# Homeless Golden in Monroe Michigan



## goldenangels (Dec 21, 2010)

This golden doesn't even have a name..he's sadly known as A-9.
Monroe County Animal Control in Monroe Michigan has him.
Please...let's help him...contact anyone you can..please






Petfinder Adoptable Dog | Golden Retriever | Monroe, MI | A9


----------



## Noey (Feb 26, 2009)

Have you contacted the rescues in Michigan?


----------



## RachelsGoldens (Jan 23, 2011)

We have it covered. If his owner doesn't claim him.

Thanks!


----------



## Noey (Feb 26, 2009)

: ) I love you guys.

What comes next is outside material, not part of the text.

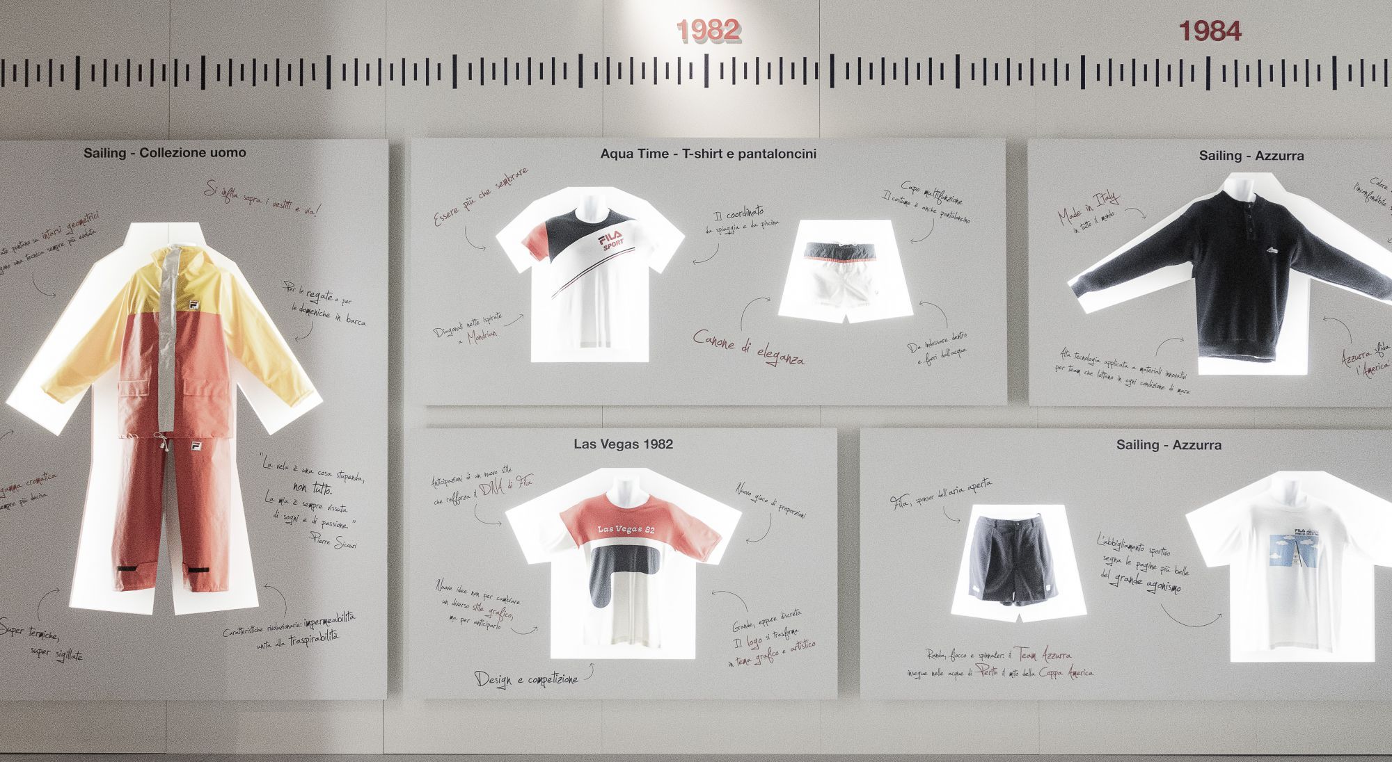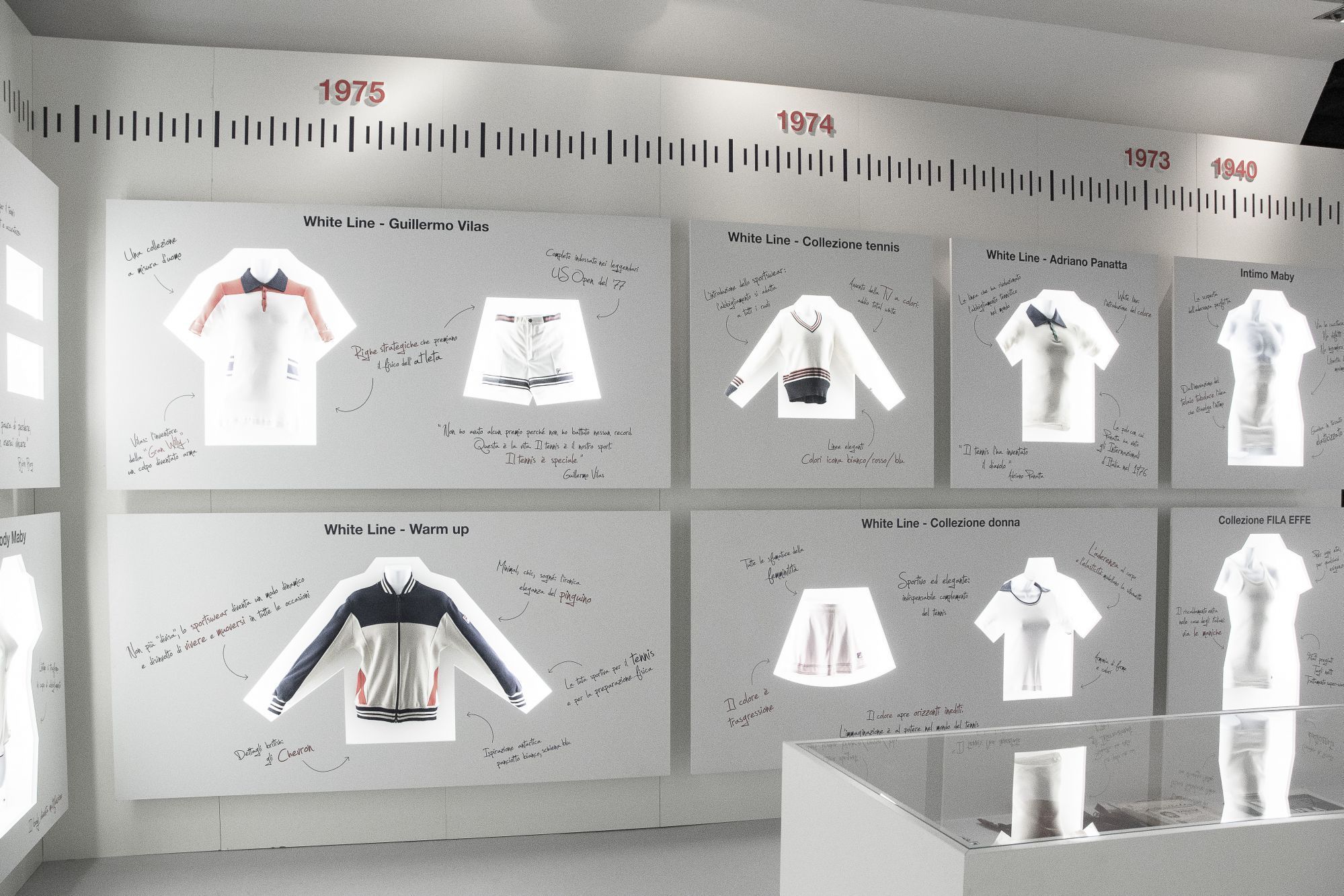 La mostra si sviluppa in stanze diverse, tra installazioni video, immagini d'archivio, e pezzi originali esposti. Il percorso si conclude proprio su una passerella, in cui sono presentati i capi più iconici di FILA, da cui i due direttori creativi, Antonino Ingrasciotta e Josef Graesel, hanno preso ispirazione per quella che sarà la collezione "Iconic" SS19 che debutterà alla Fashion Week.

Really everyone who helps get these guys saved has a place in my heart. Your good peeps!


----------



## RachelsGoldens (Jan 23, 2011)

Awe, thanks! We do what we can. We are going through a reorganization after our President stepped down and our group is fantastic! I couldn't ask for a more caring group of people that are willing to go above and beyond for these dogs every day. We appreciate all of the great people who adopt, and those wonderful owners like the ones on this forum who spoil and love their dogs so they don't need rescued!


----------



## Karen519 (Aug 21, 2006)

*Rachel*

Rachel

You guys are the best-what a beautiful dog he is!!


----------